Le fabricant de vaccins Medicago espère pour sa part pouvoir commercialiser ses premiers similaires d'ici 2020.
Une expertise très particulière
Les biosimilaires n'envahiront pas le marché canadien demain matin. Il reste en effet d'importants défis à relever.
"Leur fabrication demande une expertise particulière", souligne Pierre Falardeau, pdg d'Oncozyme Pharma et expert des biotechs. Dans le générique classique, les molécules chimiques ne varient donc pas en cours de production. Dans les biotechs, on travaille avec du vivant. "On ne peut pas modifier le processus de fabrication en raison de la complexité du produit fini. On doit développer des contrôles très rigoureux pour vérifier chaque étape du processus", indique M. Falardeau.
Si la recette est la même, le résultat peut différer sensiblement du produit de référence. C'est pourquoi Santé Canada a décidé que les biosimilaires ne seront pas interchangeables avec le produit d'origine. Un pharmacien ne pourrait donc pas décider de remplacer automatiquement un biomédicament par sa copie.
Avance des biotechnologies
"Les entreprises qui auront pris le virage des biotechnologies seront très bien placées pour produire des biosimilaires, car elles disposeront du savoir-faire, de l'équipement et de la main-d'oeuvre nécessaires", estime Mario Lebrun, directeur de BIOQuébec.
Ce n'est pas un hasard si le fabricant de génériques montréalais Pharmascience a acquis au printemps la société Aegera Therapeutics, une biotech spécialisée en oncologie.
"Pour produire des biosimilaires, il faut une infrastructure et une expertise que les pharmas traditionnelles ne possèdent pas. Plusieurs se montrent donc intéressées à acquérir des biotechs pour se positionner sur ce marché", indique M. Falardeau. Une belle occasion à saisir pour une industrie des biotechnologies qui a été rudement éprouvée ces dernières années.
Malgré tout, il y a loin de la coupe aux lèvres avant de développer une industrie du biogénérique. La production à grande échelle de médicaments biologiques comporte en effet des risques élevés. "C'est 10 fois plus cher et plus compliqué. Cela prend des reins solides", soutient Elie Betito, d'Atopex.
Mais le jeu en vaut la chandelle. "Malgré les risques, c'est rentable, car les sommes en jeu sont tellement importantes que même une part de marché faible permet de générer des profits énormes", soutient M. Falardeau.

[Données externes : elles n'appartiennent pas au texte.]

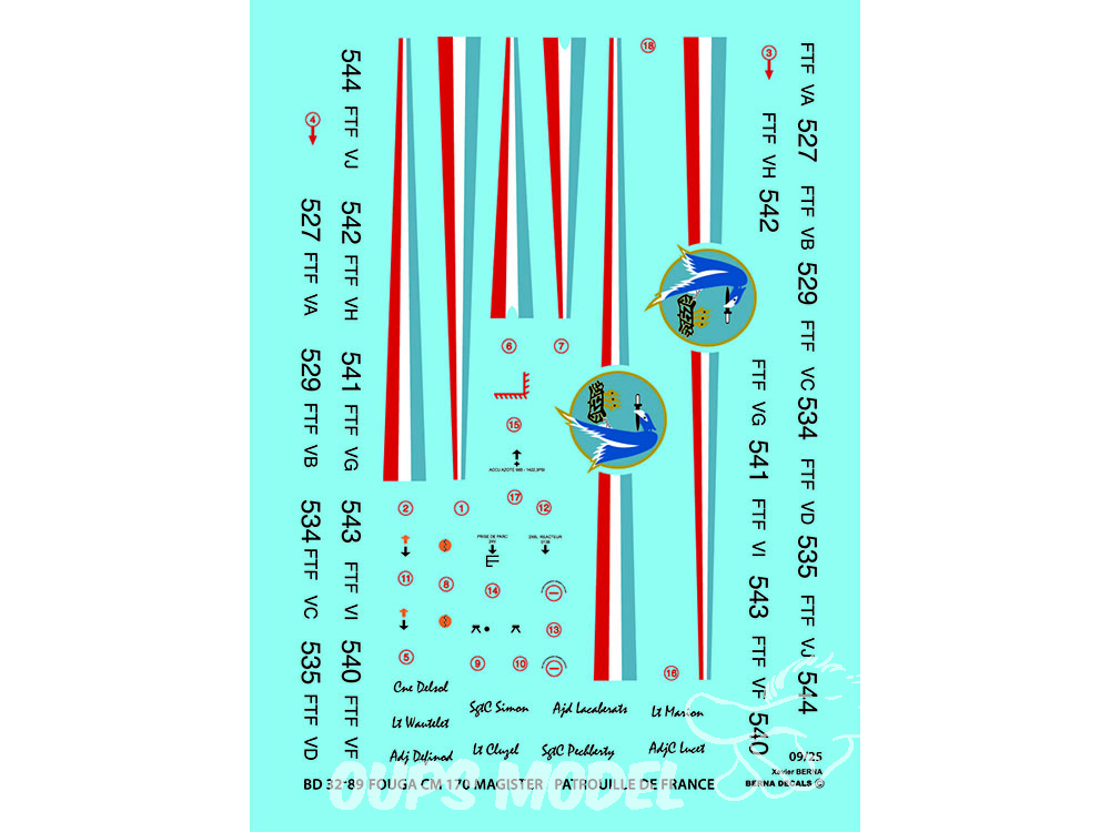 DECALQUES BERNA DECALS BD32-89 Fouga Magister CM170 Patrouille de France 1/32

Les premiers biosimilaires à voir le jour proviendront de protéines simples à reproduire, comme l'insuline et les hormones de croissance. Des protéines plus complexes, dont certains anticorps et des molécules pour traiter le cancer, arriveront par la suite.
Les entreprises de biogénériques ne remplaceront donc pas du jour au lendemain les entreprises traditionnelles du secteur, mais il faut assurément les avoir à l'oeil.